C’est aussi le sens de l’invitation du professeur Jean BERNABÉ quand, redoutant une conception essentialiste de nos définitions, il précise : « Aujourd’hui, les échanges entre les peuples, opérant au niveau planétaire, sont de nature à produire une créolisation généralisée qui donne tout son sens à une créolité conçue, non pas comme une essence intangible, mais comme une propriété de l’esprit humain favorisant l’échange et le partage entre les groupes humains; et ce, sur le fondement ni de la généalogie ni du déni du passé, mais de la volonté de construire une histoire commune sur des bases nouvelles qui font qu’on ne naît pas créole, mais qu’on le devient. La créolité est un engagement. Elle se veut ouverture et non pas fermeture… ».
Voici donc de manière très concrète, la définition que nous proposons de porter désormais aux dictionnaires français :
Créole – Nom masculin ou féminin
Peuple issu des mélanges anthropologiques, culturels et sociologiques provoqués par la colonisation européenne, agrégés principalement entre des populations venant d’Afrique et d’Europe, avec des apports de la Caraïbe, de l’Inde, de la Chine et du Levant ; peuples qui se reconnaissent aujourd’hui comme tels principalement dans les Caraïbes, l’Océan Indien et le sud des États-Unis.

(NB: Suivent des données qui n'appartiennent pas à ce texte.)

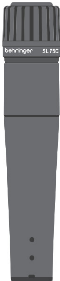
SL 75C Dynamic Cardioid Microphone

Personne issue d’un peuple créole, qui se reconnaît dans la créolité.
Étymologie :
esp. criollo, issu lui-même du portugais « crioulo », métis, Noir né au Brésil, serviteur qui est dans une maison depuis son enfance, racine criar, nourrir, élever, lui-même issu du latin creare.
Linguistique :
Le créole, un créole. Mot apparu en 1668, pour désigner un créole portugais d’Afrique. Attesté au XIXe. n. m. (1866, Larousse), Système linguistique mixte provenant du contact du français, de l’espagnol, du portugais, de l’anglais ou du néerlandais avec des langues africaines indigènes ou importées (Antilles) et devenu langue maternelle d’une communauté (opposé à pidgin* et à sabir* qui ne sont pas des langues maternelles).